_SOURCE DATA_
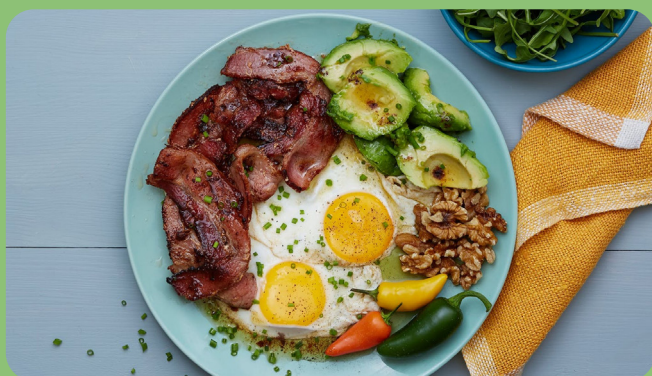
Bacon + Avocat + Noix + Oeuf plat
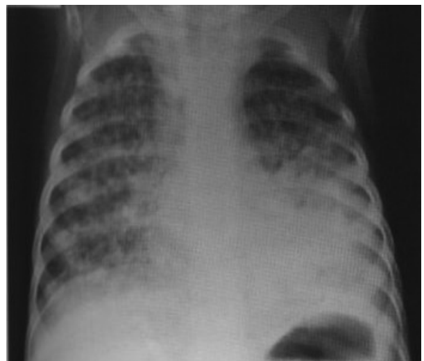
Figura 3. TB pulmonar primaria diseminación hematogena (miliar).

Muchos niños tienen antecedentes de episodios respiratorios previos o enfermedades preexistentes como asma, secuelas posinfecciosas, VIH o fibrosis quística; en estos casos se debe comparar con las Rx previas del paciente. Al comparar las imágenes, se debe pensar en los diagnósticos diferenciales de las complicaciones que estas entidades pueden
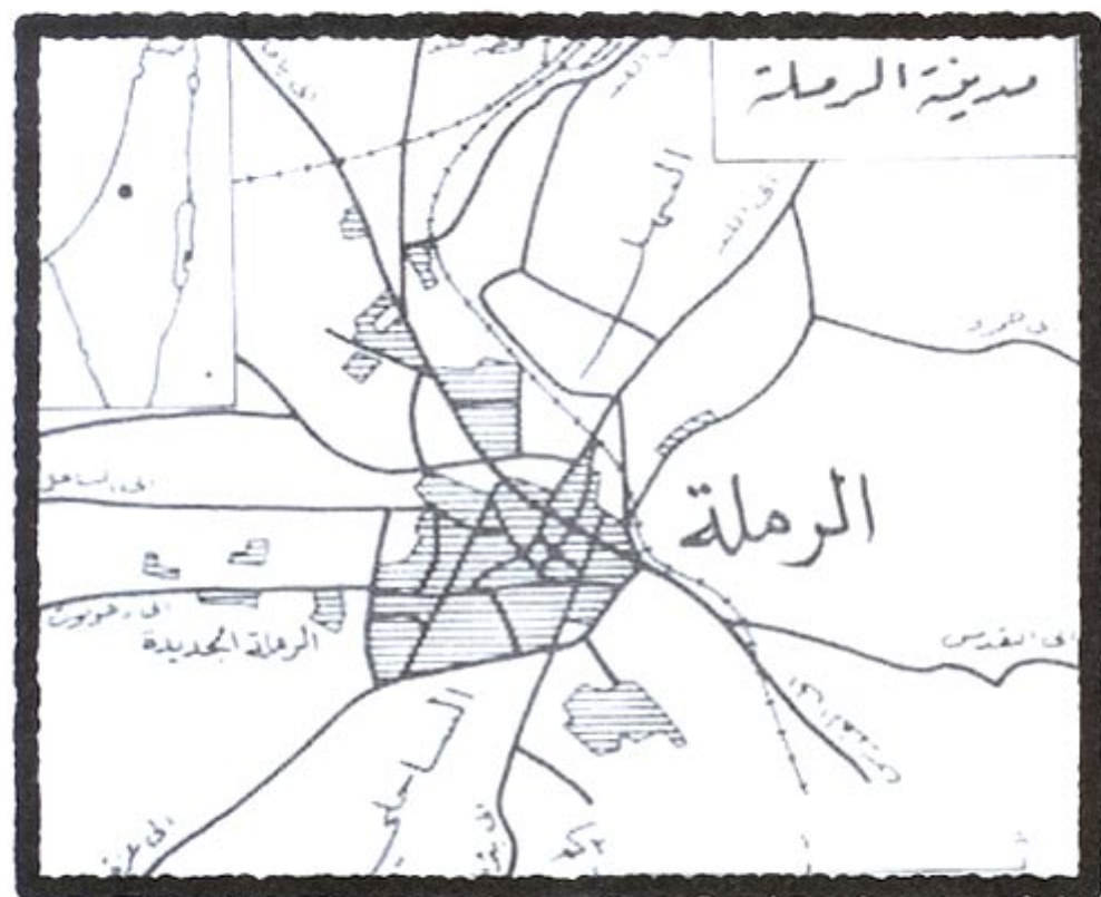
מפת רמלה. خارطة الرملة

في عام 1948 كانت مدينة الرملة تعتبر مفترق الطرق الرئيسي في وسط البلاد، حيث كانت تربط بين مدينتي يافا والقدس، والشارع الداخلي فيها كان يربط كذلك بين شمال البلاد وجنوبها. تقع مدينة اللد على مسافة ثلاثة كيلومتر شمالي مدينة الرملة، إذ كانت هذه المدينة تعتبر مفترق السكك الحديدية الرئيسي في فلسطين. هاتان المدينتان كانتا داخل حدود الدولة العربية حسب قرار التقسيم، وأهميتهما بالإضافة الى ما ذكر هي قربهما من مدينة يافا والتي كان يجب ان تبقى منطقة عربية داخل اراضي الدولة اليهودية.
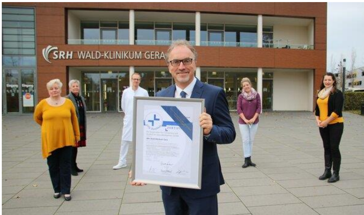
Bild 2. SRH Wald-Klinikum Gera
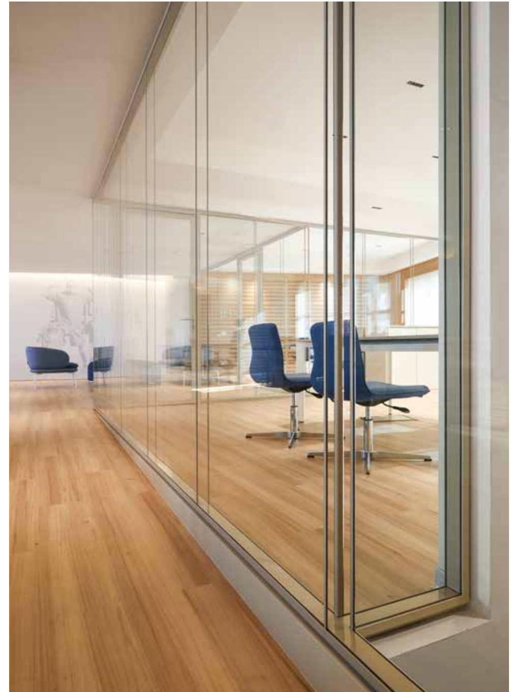
parete divisoria doppio vetro Vision/ Vision double-glass partition wall
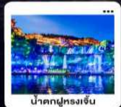
น้ำตกฟูหลงเจิน

"มหัศจรรย์...จางเจียเจีย" | ดินแดนแห่งขุนเขาและสายน้ำ "เขาเทียนเหมินซาน" | ประตูสวรรค์...ทำท่ายศรึกษา 999 ชั้น | บั้งรถไฟความเร็วสูง สัมผัสความสวยงามระเบียบงั่ว "อุทยานอวตาร" | ส่องล่องกลางขุนเขา...ดั่งภาพฝันในห้วงนเจียเจีย | ช้อปปิ้ง POPMART "เมืองโบราณ" ฟูหลง หยุตเวลา ณ เมืองบนบ้านน้ำตก... | "เฟิ่งหวง" ส่องเรือชมชีวิตริมแม่น้ำถิวเจียง "นครฉางซา" ปิดท้ายความทันสมัย
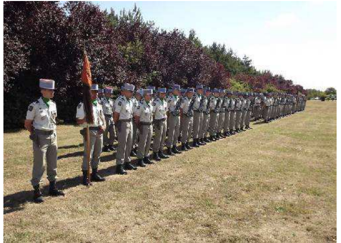
Le 12 e Rrégiment de Cuirassiers rassemblé

La prise d'armes a débuté à 11H00 ; le chef de corps du 12 a honoré le 1 er Cuirassiers en ne faisant participer à la prise d'armes que l'étendard du Turenne-Cavalerie, sorti de Vincennes pour l'occasion. Après un hommage rendu au chasseur du RCP mort quelques jours auparavant en Afghanistan, il y a eu une remise de décoration à trois cadres puis l'adieu aux armes d'un capitaine du régiment.
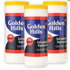
Sal en bote GOLDEN HILLS
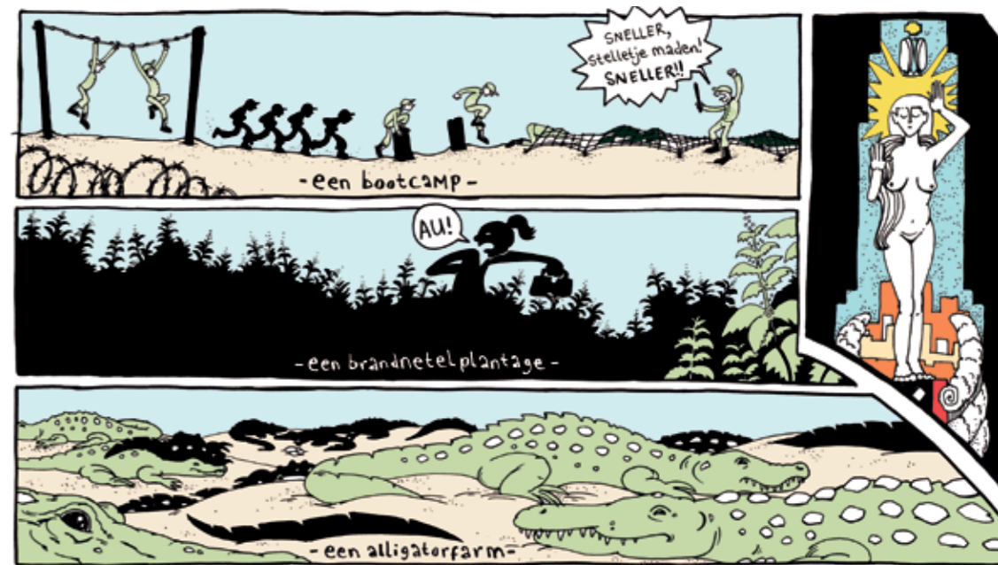
Zomaar 3 dingen die knusser zijn dan Winkelcentrum Oostpoort...
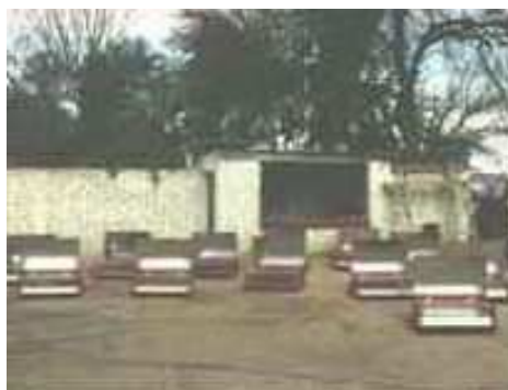
Vista de las cocinas terminadas ventilándose.

Desde el 30 de agosto hasta el 3 de setiembre se ventilaron las cocinas para eliminar el olor a pintura, dejando que levante temperatura el horno durante un lapso de tiempo con la puerta cerrada y abriendo durante otro lapso para ventilar los componentes de la pintura que pueden darle gusto a la comida futura.
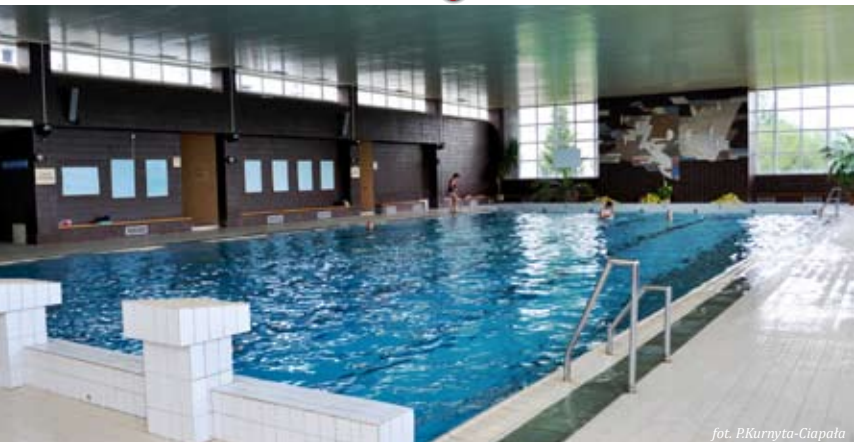
Basen w Starej Lubovni
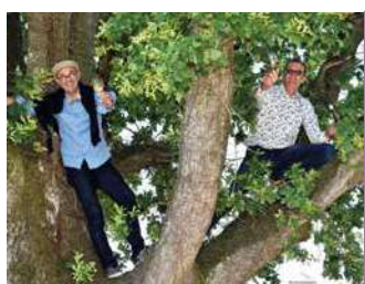
DOMAINE POIRON DABIN

Viticulteurs depuis 1858, la famille Poiron-Dabin a toujours aimé surprendre avec ses nombreux cépages et des vins d'excellence. Animation au domaine.
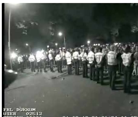
20.26. 00 platte petten staan op linie achter het hek, meinigte jongeren staan voor het hek
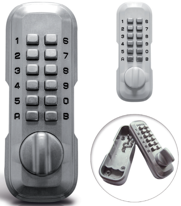
Boîte à clés 700 revêtement Alu. et blanc mat

_WORK TO BE COMPLETED_
All lines of the listing must be given again exactly, excluding the pictures.

_YOUR RESPONSE_
Bacon + Avocat + Noix + Oeuf plat
Figura 3. TB pulmonar primaria diseminación hematogena (miliar).

Muchos niños tienen antecedentes de episodios respiratorios previos o enfermedades preexistentes como asma, secuelas posinfecciosas, VIH o fibrosis quística; en estos casos se debe comparar con las Rx previas del paciente. Al comparar las imágenes, se debe pensar en los diagnósticos diferenciales de las complicaciones que estas entidades pueden
מפת רמלה. خارطة الرملة

في عام 1948 كانت مدينة الرملة تعتبر مفترق الطرق الرئيسي في وسط البلاد، حيث كانت تربط بين مدينتي يافا والقدس، والشارع الداخلي فيها كان يربط كذلك بين شمال البلاد وجنوبها. تقع مدينة اللد على مسافة ثلاثة كيلومتر شمالي مدينة الرملة، إذ كانت هذه المدينة تعتبر مفترق السكك الحديدية الرئيسي في فلسطين. هاتان المدينتان كانتا داخل حدود الدولة العربية حسب قرار التقسيم، وأهميتهما بالإضافة الى ما ذكر هي قربهما من مدينة يافا والتي كان يجب ان تبقى منطقة عربية داخل اراضي الدولة اليهودية.
Bild 2. SRH Wald-Klinikum Gera
parete divisoria doppio vetro Vision/ Vision double-glass partition wall
น้ำตกฟูหลงเจิน

"มหัศจรรย์...จางเจียเจีย" | ดินแดนแห่งขุนเขาและสายน้ำ "เขาเทียนเหมินซาน" | ประตูสวรรค์...ทำท่ายศรึกษา 999 ชั้น | บั้งรถไฟความเร็วสูง สัมผัสความสวยงามระเบียบงั่ว "อุทยานอวตาร" | ส่องล่องกลางขุนเขา...ดั่งภาพฝันในห้วงนเจียเจีย | ช้อปปิ้ง POPMART "เมืองโบราณ" ฟูหลง หยุตเวลา ณ เมืองบนบ้านน้ำตก... | "เฟิ่งหวง" ส่องเรือชมชีวิตริมแม่น้ำถิวเจียง "นครฉางซา" ปิดท้ายความทันสมัย
Le 12 e Rrégiment de Cuirassiers rassemblé

La prise d'armes a débuté à 11H00 ; le chef de corps du 12 a honoré le 1 er Cuirassiers en ne faisant participer à la prise d'armes que l'étendard du Turenne-Cavalerie, sorti de Vincennes pour l'occasion. Après un hommage rendu au chasseur du RCP mort quelques jours auparavant en Afghanistan, il y a eu une remise de décoration à trois cadres puis l'adieu aux armes d'un capitaine du régiment.
Sal en bote GOLDEN HILLS
Zomaar 3 dingen die knusser zijn dan Winkelcentrum Oostpoort...
Vista de las cocinas terminadas ventilándose.

Desde el 30 de agosto hasta el 3 de setiembre se ventilaron las cocinas para eliminar el olor a pintura, dejando que levante temperatura el horno durante un lapso de tiempo con la puerta cerrada y abriendo durante otro lapso para ventilar los componentes de la pintura que pueden darle gusto a la comida futura.
Basen w Starej Lubovni
DOMAINE POIRON DABIN

Viticulteurs depuis 1858, la famille Poiron-Dabin a toujours aimé surprendre avec ses nombreux cépages et des vins d'excellence. Animation au domaine.
20.26. 00 platte petten staan op linie achter het hek, meinigte jongeren staan voor het hek
Boîte à clés 700 revêtement Alu. et blanc mat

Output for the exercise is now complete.